Optimization by Nelder-Mead method

In this section, we will explain how to calculate the minimization problem of Himmelblau function using the Nelder-Mead method. The specific calculation procedure is as follows.

  1. Preparation of an input file

    Prepare an input file that describes parameters in TOML format.

  2. Run the main program

    Run the calculation using src/odatse_main.py to solve the minimization problem.

Location of the sample files

The sample files are located in sample/analytical/minsearch. The following files are stored in the folder.

  • input.toml

    Input file of the main program.

  • do.sh

    Script prepared for doing all calculation of this tutorial

In addition, plot_himmel.py in the sample folder is used to visualize the result.

Input file

In this section, we will prepare the input file input.toml for the main program. The details of input.toml can be found in the input file section of the manual.

[base]
dimension = 2
output_dir = "output"

[solver]
name = "analytical"
function_name = "himmelblau"

[runner]
[runner.log]
interval = 20

[algorithm]
name = "minsearch"
seed = 12345

[algorithm.param]
min_list = [-6.0, -6.0]
max_list = [ 6.0,  6.0]
initial_list = [0, 0]

[base] section describes parameters used in the whole program.
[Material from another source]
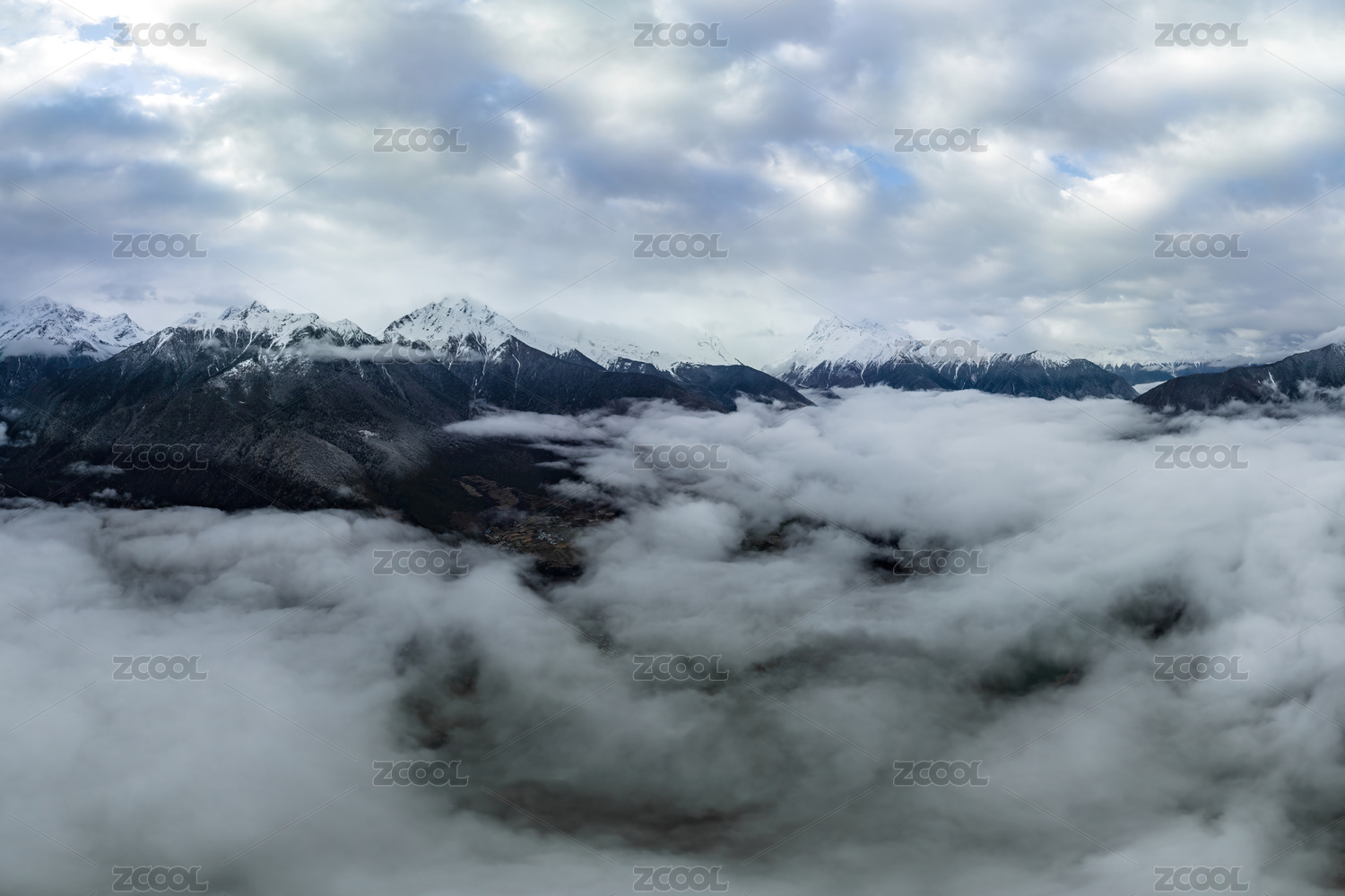 中国四川甘孜折多山垭口的云海雪山

  • dimension is the number of variables to be optimized, in this case 2 since Himmelblau function is a two-variable function.

  • output_dir is the name of directory for output.
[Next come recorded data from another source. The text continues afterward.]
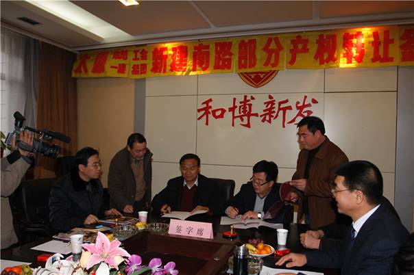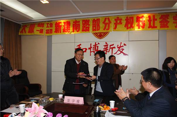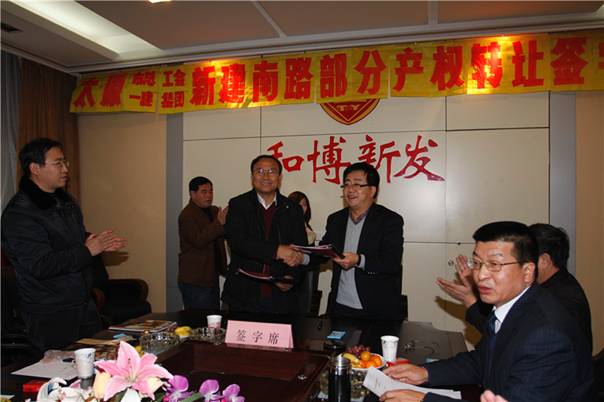 1223下午,太原一建集团与太原市总工会举行了新建南路69号(原115号)部分产权转让签字仪式。太原市人大常委会副主任、市总工会主席刘明珠;副主席李平贵;后勤服务中心主任黄小飞;财务部部长梁家齐;经审办主任安宏;事业中心主任梁巍;纪检组副组长马芳;办公室主任樊小高,太原一建集团公司董事长党委书记总经理王贵聪、副董事长副书记副总经理宋双玉;董事副总经理工会主席王斌;董事总会计师赵晨辉;董事总经理助理财务资产部部长刘洁;董事会总经理办公室主任监事任秀山;行政保卫部部长米凯毅;物业分公司经理书记李文山;一分公司经理书记张玉喜;工会副主席门红等共同出席了签字仪式。甲乙双方法定代表人王贵聪、刘明珠分别在新建南路69号(原115号)转让合同书上签字盖章。最后,双方领导发表了热情洋溢的重要讲话,对签署合同表示祝贺并对甲乙双方今后的共同发展描绘了美好的发展前景。签字仪式结束后,出席签字仪式的双方人员合影留念,集团公司宋双玉主持了签字仪式。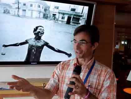 As we continue our journey down the coast of Brazil, we enjoy the opportunity of day at sea. The opportunity to be entertained by a maze of subjects, deep thoughts, and impressive talents in photography. Each one of our selected speakers continues to piece together the historical natural wonders of this journey along the east coast of South America. This morning we enjoyed Mark Curran’s presentation on religious belief and ceremony in Brazilian society. Then Tyron Turner, National Geographic photographer, presented a very powerful photography secession in black white film of the hardship reality of street kids of the Favelas of Brazil. The story through images that would soften even the hardest of hearts…as shown in the image of a street kid in a chemical-induced euphoria.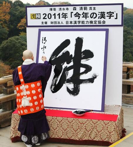 由日本漢字能力檢定協會舉辦、旨在反映日本一年世態變化的“年度漢字評選”12日公布結果,清水寺住持森清范揮筆寫下了代表日本2014年的漢字——“稅”。

[solver] section specifies the solver to be used inside the main program and its settings.

  • name is the name of the solver you want to use. In this tutorial, we perform analyses of an analytical function in the analytical solver.

  • function_name is the name of the function in the analytical solver.

[runner] section specifies settings on calling the direct problem solver from the inverse problem analysis algorithm.

  • interval in [runner.log] specifies the frequency of the log output. The logs are written in every interval steps.

[algorithm] section specifies the algorithm to use and its settings.

  • name is the name of the algorithm you want to use. In this tutorial we will use minsearch since we will be using the Nelder-Mead method.

  • seed specifies the initial input of random number generator.

[algorithm.param] section specifies the range of parameters to search and their initial values.

  • min_list and max_list specify the minimum and maximum values of the search range, respectively.

  • initial_list specifies the initial values.

Other parameters, such as convergence judgments used in the Nelder-Mead method, can be done in the [algorithm] section, although they are omitted here because the default values are used. See the input file chapter for details.

Calculation execution

First, move to the folder where the sample files are located. (We assume that you are directly under the directory where you downloaded this software.)

$ cd sample/analytical/minsearch

Then, run the main program. The computation time takes only a few seconds on a normal PC.

$ python3 ../../../src/odatse_main.py input.toml | tee log.txt

The standard output will be seen as follows.

Optimization terminated successfully.
         Current function value: 0.000000
         Iterations: 40
         Function evaluations: 79
iteration: 40
len(allvecs): 41
step: 0
allvecs[step]: [0. 0.]
step: 1
allvecs[step]: [0.375 0.375]
step: 2
allvecs[step]: [0.0625 0.9375]
step: 3
allvecs[step]: [0.65625 1.46875]
step: 4
allvecs[step]: [0.328125 2.859375]
...

The x1 and x2 are the candidate parameters at each step and the function value at that point. The final estimated parameters is written to output/res.dat. In the current case, the following result will be obtained:

fx = 4.2278370361994904e-08
x1 = 2.9999669562950175
x2 = 1.9999973389336225

It is seen that one of the minima is obtained.

Visualization of calculation results

The steps taken during the search by the Nelder-Mead method is written in output/0/SimplexData.txt. A tool to plot the path is prepared as simplex/plot_himmel.py.

$ python3 ../plot_himmel.py --xcol=1 --ycol=2 --output=output/res.pdf output/0/SimplexData.txt

By executing the above command, output/res.pdf will be generated.

../_images/res_minsearch.png

Fig. 2 The path taken during the minimum search by the Nelder-Mead method is drawn by the blue line. The black curves show contour of Himmelblau function.

The path of the minimum search by the Nelder-Mead method is drawn on top of the contour plot of Himmelblau function. Starting from the initial value at (0, 0), the path reaches to one of the minima, (3, 2).